= Michael Prawdin =

Russian-German historical writer

Michael Prawdin was the pseudonym of Michael Charol (20 January 1894 – 23 December 1970), a Russian-German historical writer.

Born in present-day Ukraine, Charol came to Germany after the Russian Revolution. He studied in Germany, and wrote in German. In 1934, he made a plea for the 'factual novel'.

Prawdin made himself an international reputation with two books on Genghis Khan. The Nazi bureaucrat Heinrich Himmler sufficiently admired the books that he ordered the publication of a one-volume edition in 1938, a copy of which was given to every SS leader; the book appears to have encouraged Adolf Hitler to claim inspiration from Genghis Khan.

==Reception==
Reception seems to have varied with time.

- In 1942, L. Carrington Goodrich reviewed the 1940 translation of The Mongol Empire. He started: "This is a readable book.
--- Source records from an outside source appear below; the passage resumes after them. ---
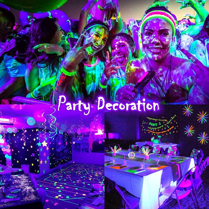 - 【GET GLOWING】Get glowing with these Litake black lights for glow party. Turn any event into a bright glow party with these fun lights up glow in the dark party supplies. Let's have a Glow Party and create a black party that will make an impression on all who attend.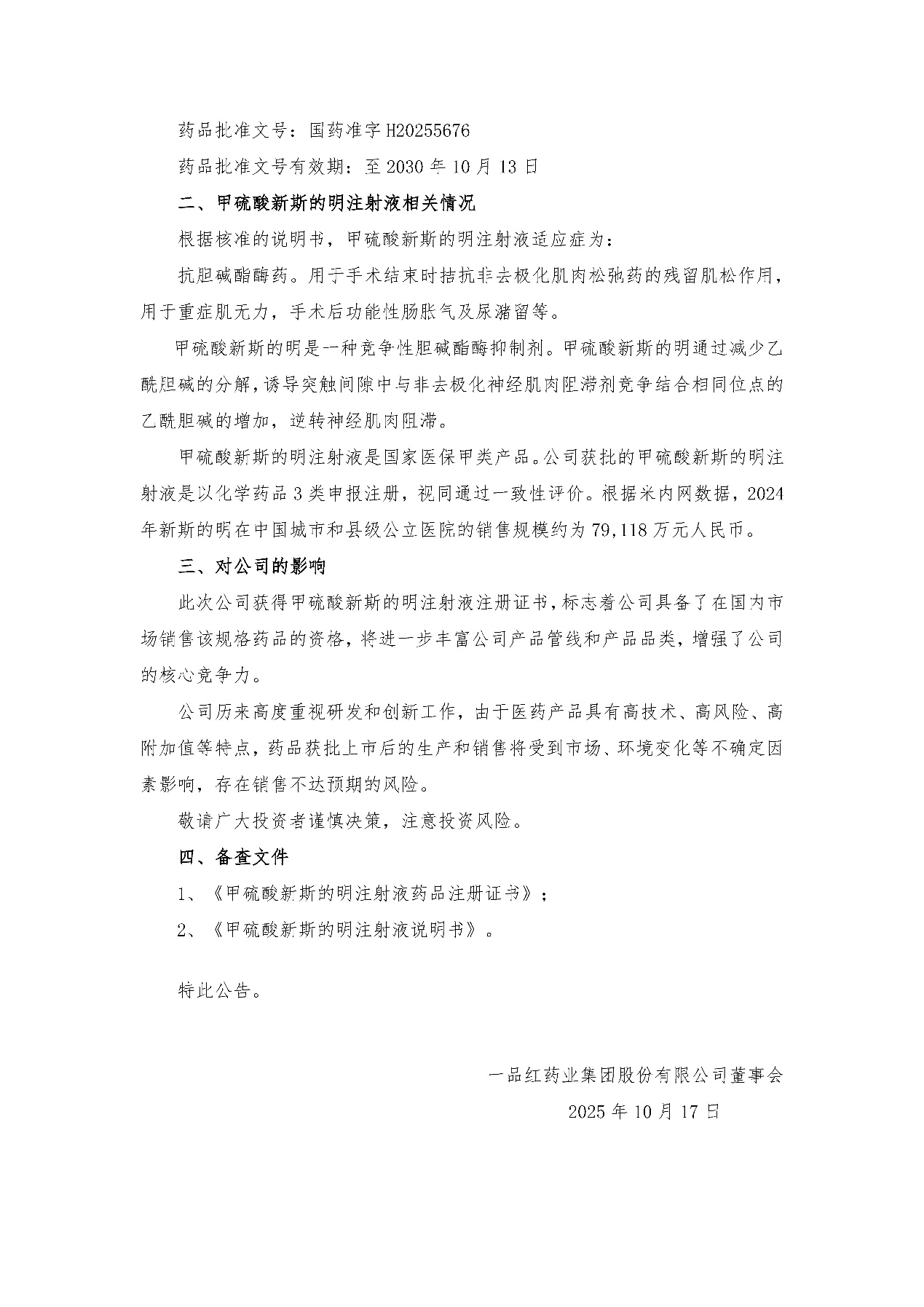 ¿ËÈÕ£¬97¹ú¼ÊÊÕµ½¹ú¼ÒÒ©Æ·¼àÊÓ¹ÜÀí¾ÖÅú׼ǩ·¢µÄ¹ØÓÚ¼×ÁòËáÐÂ˹µÄÃ÷×¢ÉäÒºµÄ¡¶Ò©Æ·×¢²áÖ¤Êé¡·¡£¼×ÁòËáÐÂ˹µÄÃ÷×¢ÉäÒºÊǹú¼ÒÒ½±£¼×Àà²úÆ·¡£¹«Ë¾»ñÅúµÄ¼×ÁòËáÐÂ˹µÄÃ÷×¢ÉäÒºÊÇÒÔ»¯Ñ§Ò©Æ·3ÀàÉ걨ע²á£¬ÊÓͬͨ¹ýÒ»ÖÂÐÔÆÀ¼Û¡£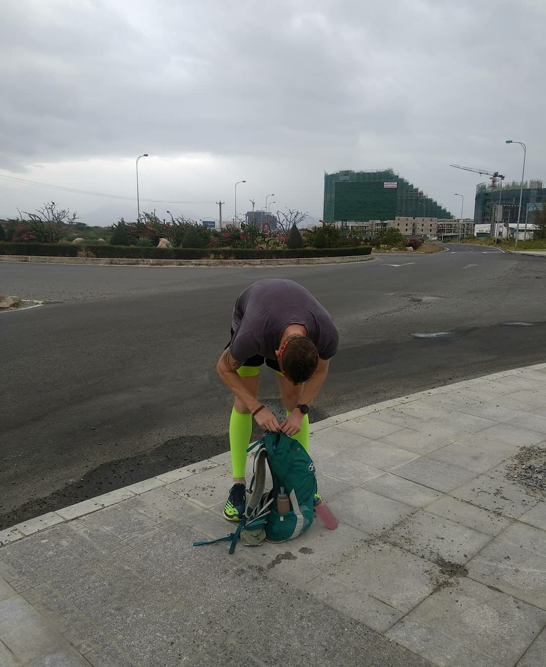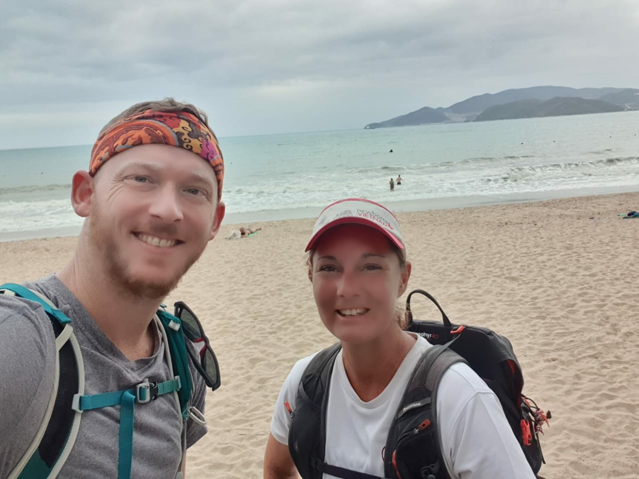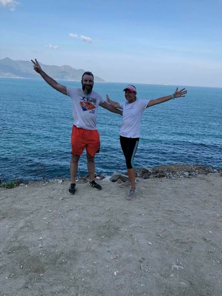 After a sugar hit of soft drinks, we hit the road again and ran comfortably down the other side of the winding mountain pass towards Cam Ranh Airport. We had soon reached the 30km mark and I was feeling strong, as though I could keep running (slowly) forever. This was Nick’s furthest run to date and he was beginning to feel the distance. However, he assured me that he wanted to push onwards to reach our marathon goal. At 33km, we heard the shout of a loud, American accent and a flash of stars and stripes sunglasses… it was Mikey! He was on his way to the airport and had been looking out for us. He handed over ice cold bottles of fizzy drinks and water and jumped back into his air-conditioned taxi. What a lovely, thoughtful surprise! Nick who was attempting to stick plasters on his chaffing nipples was delighted!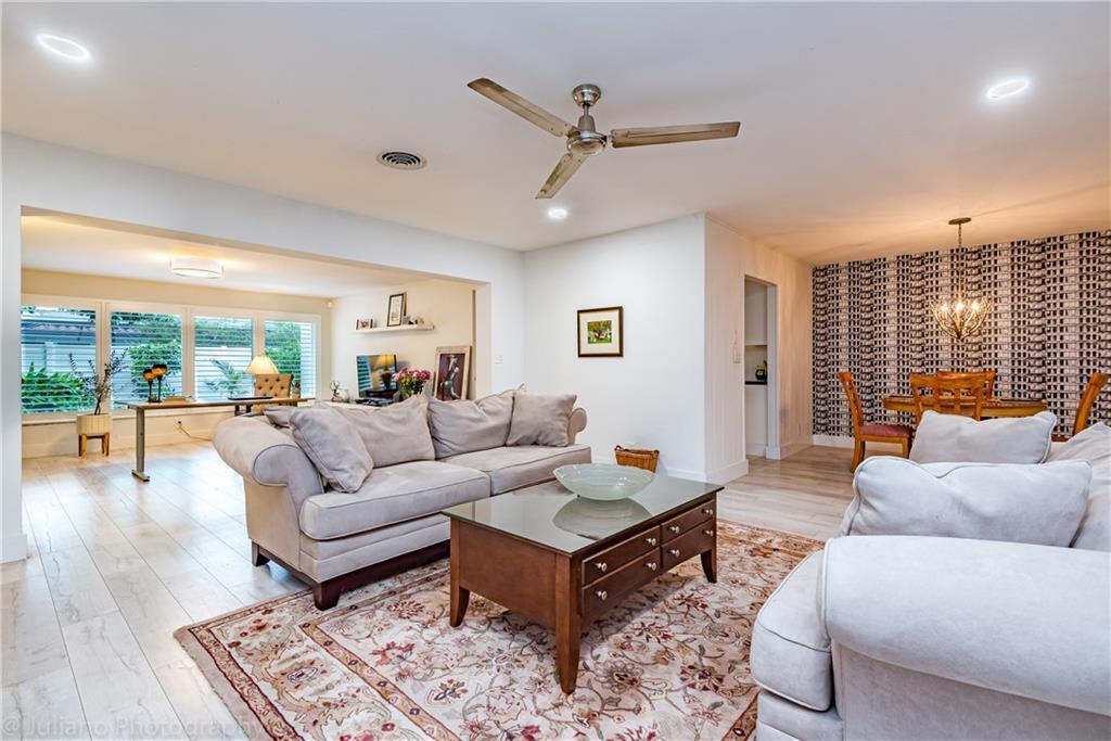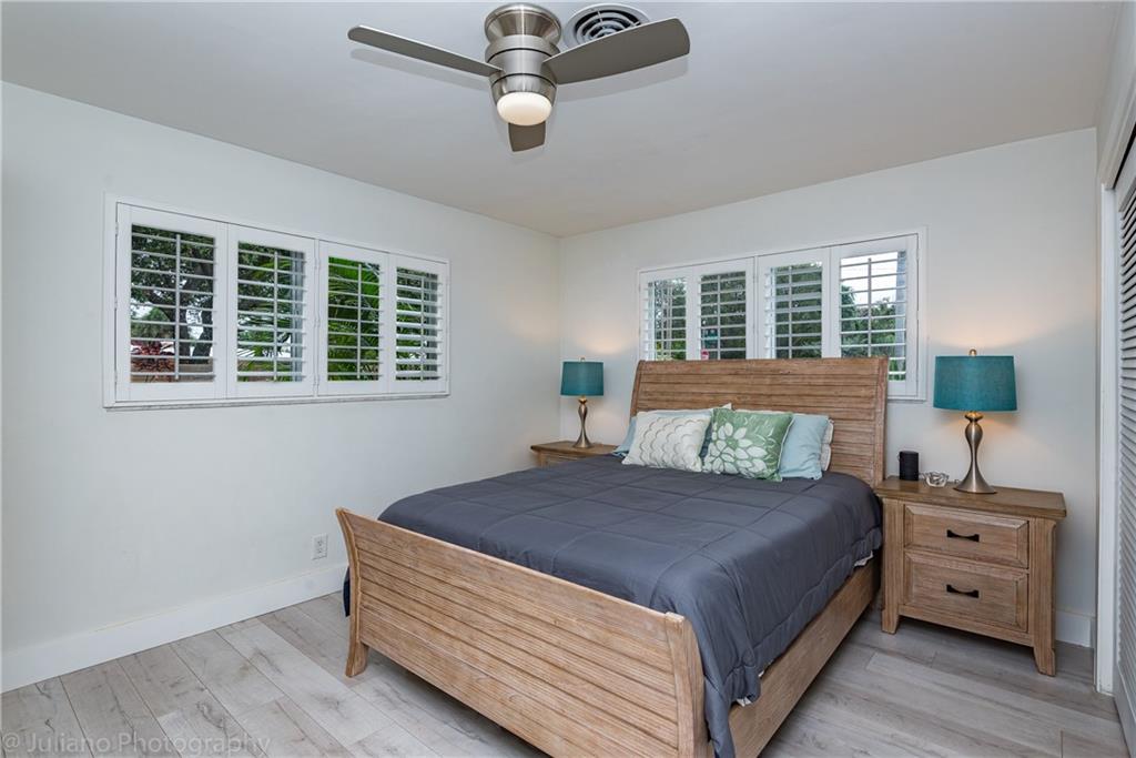 Modern, bright and spacious home in sought after Imperial Point. Wide plank flooring throughout, large office off living room, plantation shutters, and impact windows and doors. Bathrooms and kitchen beautifully updated. Master Bedroom with Walk in Closet. Enjoy the huge screened in Lanai overlooking the garden. Laundry room under air + storage room off carport. This 2BR/2.5 BA home (can easily be 3BR) sits on an oversized corner lot. Just 2.5 miles from the beach, near restaurants, shops, hospitals and more.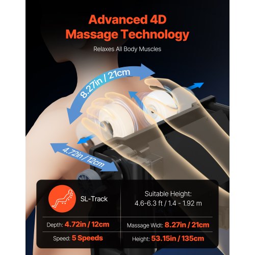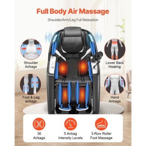 VEVOR Sedia da Massaggio con Pista SL, Poltrona Reclinabile a Gravità Zero per Tutto Corpo, Modalità Allungamento Yoga, Poltrona Massaggiante 3D/4D con Voce AI, Riscaldamento, 36 Airbag, Schermo TFT

Between its covers is the whole story of the Mongols from Yesugai, father fo Temuchin, to the incident at Marco Polo Bridge.", continued with "The comment on the dust cover states: It is a standard work, written equally for the serious student of history and for the reader who likes an exciting story", and disagrees about standard work for serious student: "With the first part of that sentence this reviewer takes sharp issue. The author has made numerous errors, skims lightly over certain important developments, gives only fragments of quotations without credit to translator..., fails to utilize fully his own sources which are far from complete, and makes assumptions which hard indeed to follow. This is slick writing, not sober history" that . He continued that "part of Prawdin’s trouble is carelessness", and that "some of his suppressions or condensations of material seem surprising because the facts are well known and of general interest".
- In his Introduction to a 2006 reprint of The Mongol Empire Gérard Chaliand said Michael Prawdin tells us a story "with great literary talent.".
- To 2017 edition of The Mongol Empire : its rise and legacy, Maurice Collis said "It has the rare merit of being both scholarly and exciting".

==Works==
- Eine Welt zerbricht: Ein Tatsachenroman, 1933. Translated by Kenneth Kirkness as Double Eagle, 	London: Selwyn & Blount, 1934.
- Tschingis-Chan, der Sturm aus Asien, 1934, Stuttgart, Deutsche Verlags-Anstalt.
- Tschingis-Chan und sein Erbe, 1935. Translated by Eden and Cedar Paul as The Mongol Empire: Its Rise and Legacy, 1937.
- Johanna die Wahnsinnige, Habsburgs Weg zum Weltreich, 1937. Translated by Eden and Cedar Paul as The Mad Queen of Spain, London: G. Allen and Unwin Ltd, 1938.
- Russland, Stuttgart: Deutsche Verlags-Anstalt, 1951.
- Netschajew--von Moskau verschwiegen, 1961. Translated as The Unmentionable Nechaev: A Key to Bolshevism. London: Allen and Unwin, 1961.
- Marie de Rohan, duchesse de Chevreuse, London: Allen & Unwin, 1971.